My very favourite fictional character – the one on whom I most definitely plan to model my old age – is Esmerelda (‘Esme’) Weatherwax. More commonly known as Granny Weatherwax, she appears in several of the Discworld novels written by the late English writer Terry Pratchett. Granny Weatherwax is a witch – but she’s rather different from the witches we typically find in other stories, old or new. Granny finds her strength in practical tasks and hard work, and has little time for the bells, whistles and miscellaneous contraptions associated with what she sniffily refers to as ‘magick’. She has no time for witches who find pendants, crystals and pentagrams necessary for the practice of their craft, and in spite of her own considerable power she rarely uses magic in any obvious form; instead, she prefers to rely on ‘headology’: an idiosyncratic and wonderfully pragmatic brand of folk-psychology.
In Equal Rites, the first novel in which she appears, Granny’s definition of headology highlights the deep differences between the magic of Discworld witches and wizards:
‘It’s all down to –’ she tapped her head ‘– headology. How your mind works. Men’s minds work different from ours, see. Their magic’s all numbers and angles and edges and what the stars are doing, as if that really mattered. It’s all power. It’s all –’ Granny paused, and dredged up her favourite word to describe all she despised in wizardry, ‘– jommetry. ’ … ‘It’s the wrong kind of magic for women, is wizard magic … Witches is a different thing altogether … It’s magic out of the ground, not out of the sky, and men never could get the hang of it.’

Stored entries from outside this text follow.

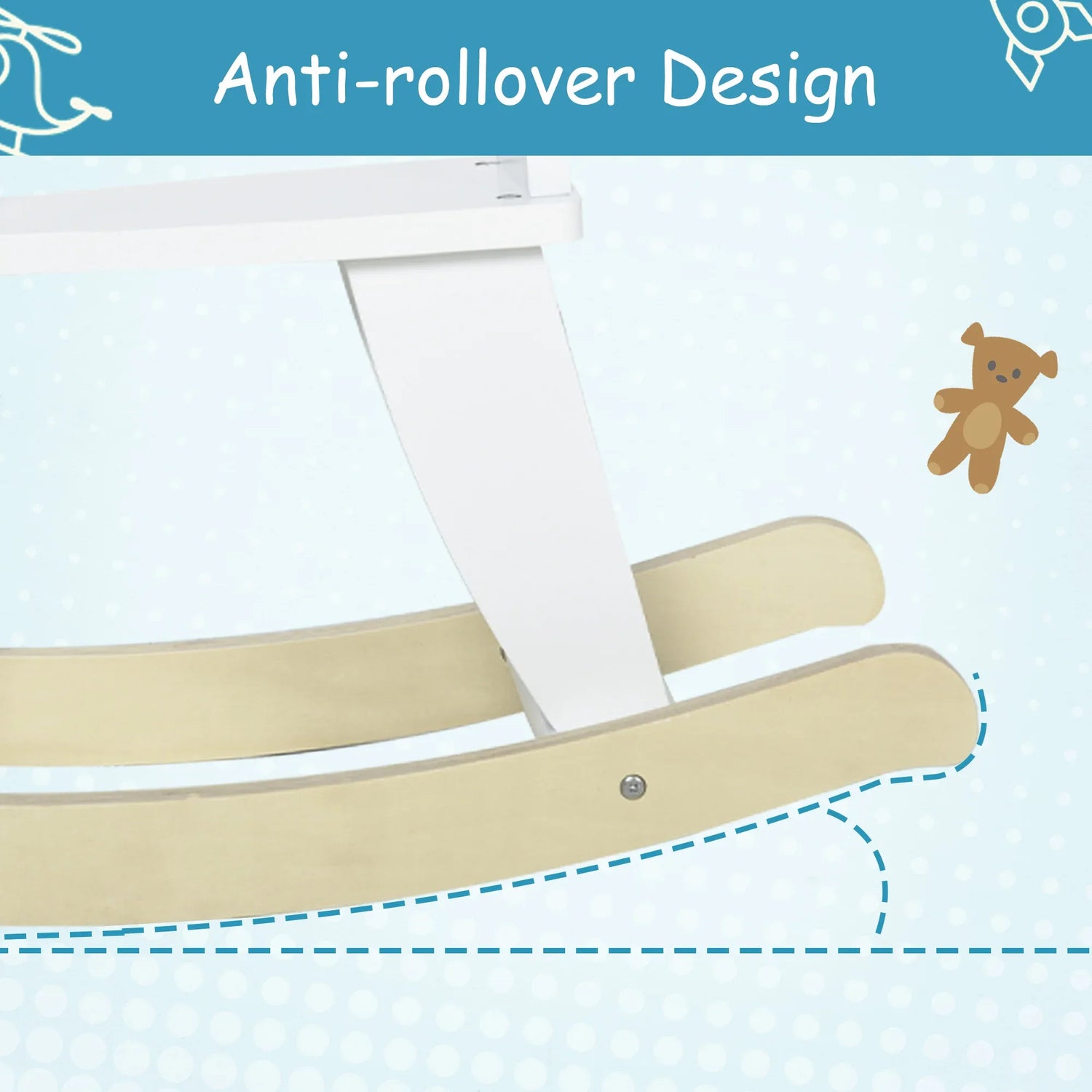 Delight your little one with this beautifully crafted wooden rocking horse designed for toddlers aged 1 to 3 years. Its smooth, white finish and solid wood construction ensure both style and durability, making it a timeless addition to any playroom. The gentle rocking motion encourages active play that strengthens core muscles and improves balance and coordination. Thoughtfully designed with child-safe rounded edges, sturdy handrails, pedals, and a supportive backrest, this ride-on toy offers a secure and comfortable experience. Easy to assemble and clean, it measures 26.75 inches long by 10.5 inches wide and 19 inches high, supporting up to 66 pounds of weight. Make playtime memorable and fun—elevate your child’s early development today.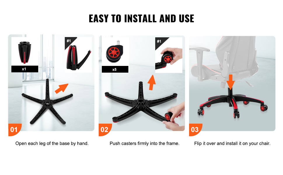S naší základnou židle je modernizace židle hračka. Dodává se se vším, co potřebujete pro bezproblémovou instalaci, a navíc s jasnými pokyny, takže ji můžete rychle nastavit. Rozlučte se se složitou montáží a přivítejte osvěženou židli!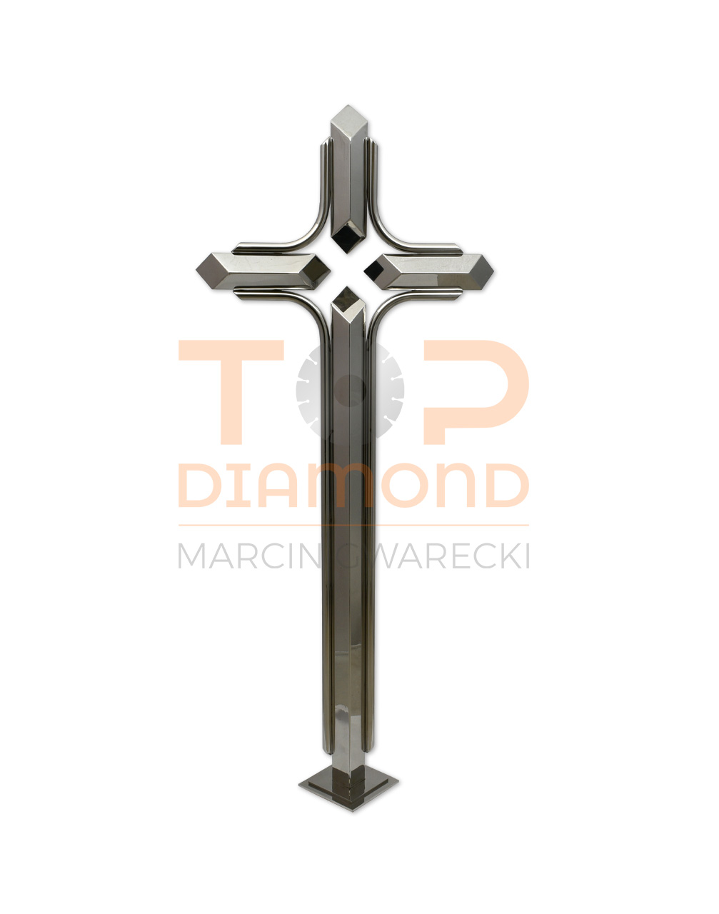 Krzyż stojący wykonany z polerowanej stali nierdzewnej, zbudowany z precyzyjnie ułożonych profili i rurek, które nadają mu elegancki i nowoczesny wygląd.
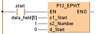 Par exemple, si vous exécutez P13_EPWT avec le drapeau R901A (temps d’impulsion de 0,1s), l’EEPROM ne fonctionnera plus après 100000 * 0,1s=10000s (2,8 heures). Cependant, cette fonction vous sera très utile si vous souhaitez sauvegarder des données de profil tels que les paramètres de positionnement ou d’autres paramètres qui ne sont pas modifiés fréquemment.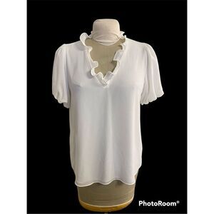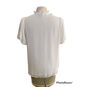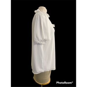 Feminine flowy white top by Naked Zebra. Ruffle neck and puff sleeves create a feminine look. Size L.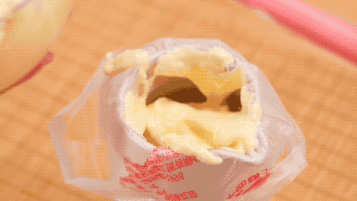 5、混合好的蛋糕糊裝入裱花袋,擠入提前鋪好油紙的烤盤,留空隙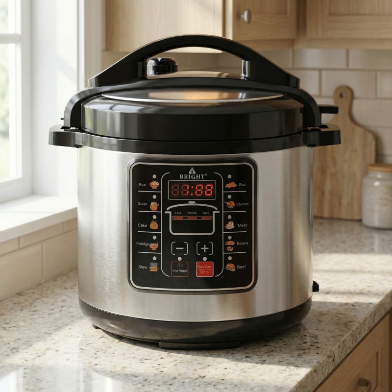Tired of a cluttered kitchen and hours spent over a hot stove? The Bright BR-760 11-in-1 Multifunctional Electric Pressure Cooker is your ultimate kitchen companion, designed to streamline your cooking process. Whether you are whipping up a hearty beef stew, a delicate cake, or perfectly fluffy rice, this versatile appliance replaces multiple gadgets, saving you precious counter space and money. Powered by a high-efficiency 1000W motor, this 6-liter multi-cooker is built for speed without compromising on flavor. The intelligent control technology monitors internal pressure and temperature, ensuring that your meals are cooked consistently and safely.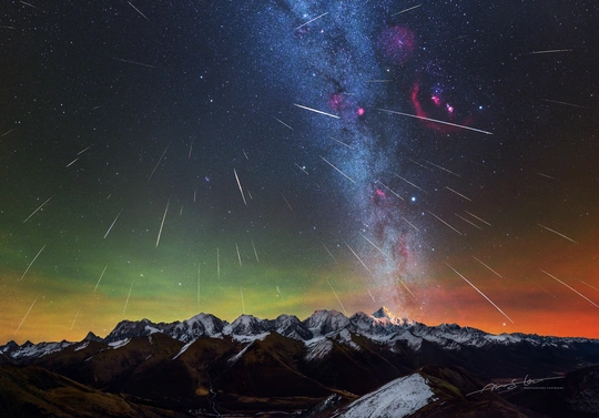 12月14日,一年一度的双子座流星雨如期到来,我们选择在海拔4700米的雅哈垭口守候这一盛象。橙绿相见的气辉弥漫在天际,流星一颗颗从贡嘎雪山山顶坠落,远处的主峰正被月光照亮,顺着主峰往上,则会看到璀璨的冬季银河还有猎户座大星云
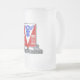 Frostat glas mugg med handtag och emblem för ’styrka och mod’. 16 oz.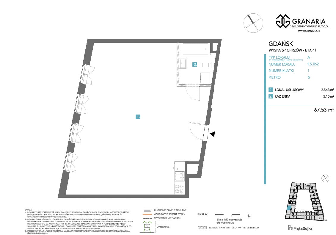TakNieruchomość zlokalizowana jest w najbardziej prestiżowej inwestycji w Gdańsku- Granaria na Wyspie Spichrzów. II etap inwestycji zostanie ukończony do 2024 roku. Granaria to projekt łączący nowoczesną tkankę z poszanowaniem gdańskiego dziedzictwa i historycznej zabudowy.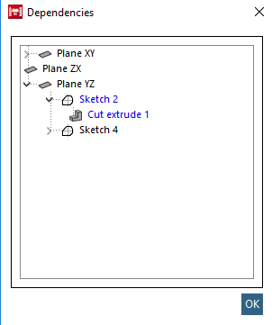 The dialog Dependencies can be called on any point of the 3D History).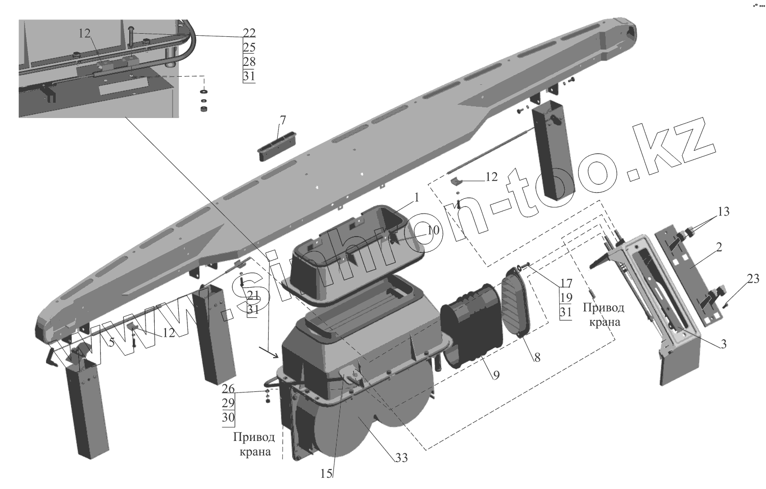 Каталог запасных частей к технике: МАЗ-631705. Установка отопителя 642217-8100001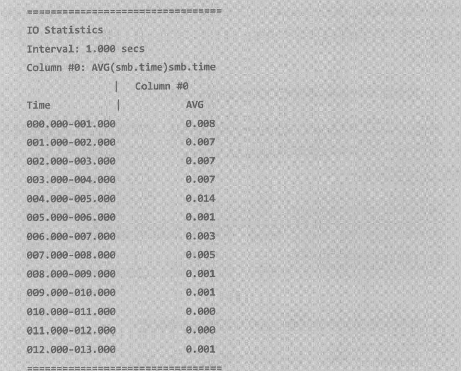 3.tshark输出的分析文本大多可以直接写入分析报告中,而Wireshark生成不了这样的报告。比如说,我想统计每一秒钟里CIFS操作的Service Response Time,那只要执行以下命令就可以了,如下图所示

She also refers to witches as ‘the handmaids of nature’. And it’s this focus on the ground and the natural world that makes Pratchett’s witches unique, because each of his witches not only has an intense relationship with the land that she inhabits, but is an expression of its geology. Granny, for example, is a granite witch; she not only derives her power from the mountains where she lives, but she reflects them in her own character and in her practice of magic. And so, in Wintersmith, Granny Weatherwax says of the new teenage witch Tiffany Aching:
‘“She calls to the strength of her hills, all the time. An’ they calls to her! Hills that was once alive, Miss Tick! They feels the rhythm of the dance, an’ so in her bones does she, if she did but know it … She has the strength of her hills,” said Granny.’